Senator for Kogi West
- Incumbent
- Assumed office March 2019
- Preceded by: Dino Melaye

Personal details
- Born: 18 August 1960 (age 65) Kogi State, Nigeria
- Party: APC

= Smart Adeyemi =

Nigerian politician

Smart Adeyemi (born 18 August 1960 at Iyara in Ijumu Local Government Area of Kogi State ) was elected Senator for the Kogi West constituency of Kogi State, Nigeria, taking office on 29 May 2007. He is a member of the APC. Re-elected as senator for the third time on the 30th of November 2019.

==Early years==
Smart Adeyemi was born on 18 August 1960.

He earned a post-graduate diploma in Public Relations, diploma in Law, advanced diploma in Mass Communication, and master's in Public Administration from the Federal University of Technology Owerri, and became a journalist.

He was National President of the Nigerian Union of Journalists from 1999 to 2006.

==Political career==
Adeyemi was elected to the Senate in April 2007. On assuming his Senate seat he was appointed to committees on Privatization, Industry, Federal Character & Inter-Government Affairs (Chairman), Federal Capital Territory and Appropriation. He was also appointed vice chairman of the Northern Senators Forum.

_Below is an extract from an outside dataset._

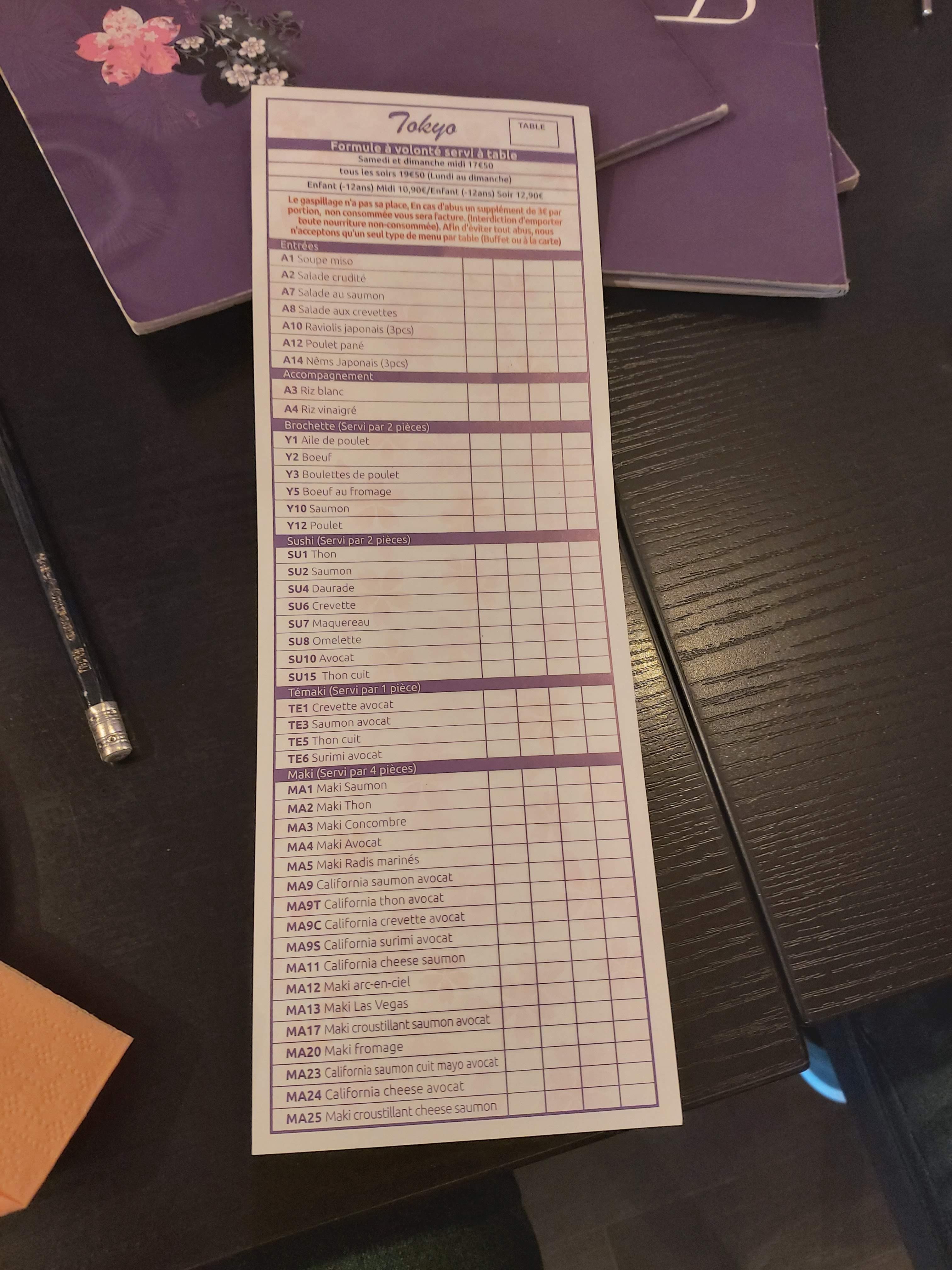 Posté le 23/11/2023 à 19:23"Je mange souvent au Tokyo, la cuisine est bonne le service est soigné et le personnel est super sympa, le rendez-vous idéal entre amis pour un repas à volonté et en bonus les Mojitos sont top ;) je recommande 👍"

In a mid-term evaluation of Senators in May 2009, ThisDay noted that Adeyemi had worked on bills on the State of the Nation Address and the Code of Conduct Bureau and Tribunal Act amendment, and sponsored three motions.

In May 2010 the Daily Sun said Adeyemi had asked the Economic and Financial Crimes Commission (EFCC) to start an investigation of members of the National Assembly who he alleged were corrupt. Adeyemi said that he had been misquoted. He said, "I never said this National Assembly is corrupt [...] but if there are a few that are corrupt the EFCC should go ahead to expose them."

Despite his denial, Senate President David Mark announced a six-man ad hoc committee to investigate the issue, describing it as serious allegation. The committee was to be chaired by Senate Chief Whip Kanti Bello and to include Senators Ayogu Eze, Olorunnimbe Mamora, James Manager, Adamu Talba and Zainab Kure.

Adeyemi's allegation was similar to one made by Senator Nuhu Aliyu from Niger State in January 2008, which caused a similar strong reaction from the other legislators.

Adeyemi won the PDP primary to compete for re-election as Kogi West Senator in the April 2011 elections.
However, a court nullified the PDP primary election on 4 April 2011, saying it did not follow due process as defined in the electoral act.

A fresh primary was run on 7 April, in which Adeyemi defeated his opponent Abiye Abinso by 1,124 votes to two.
In the elections of 9 April 2011, Adeyemi retained his seat.

Adeyemi recently won for the third time, a senatorial seat to represent Kogi West Senatorial District; defeating Senator Dino Melaye in a supplementary election ordered by the country's apex court, for a fresh election to be conducted after Senator Dino Melaye's victory was nullified. Adeyemi won with a margin of over 20,000 votes.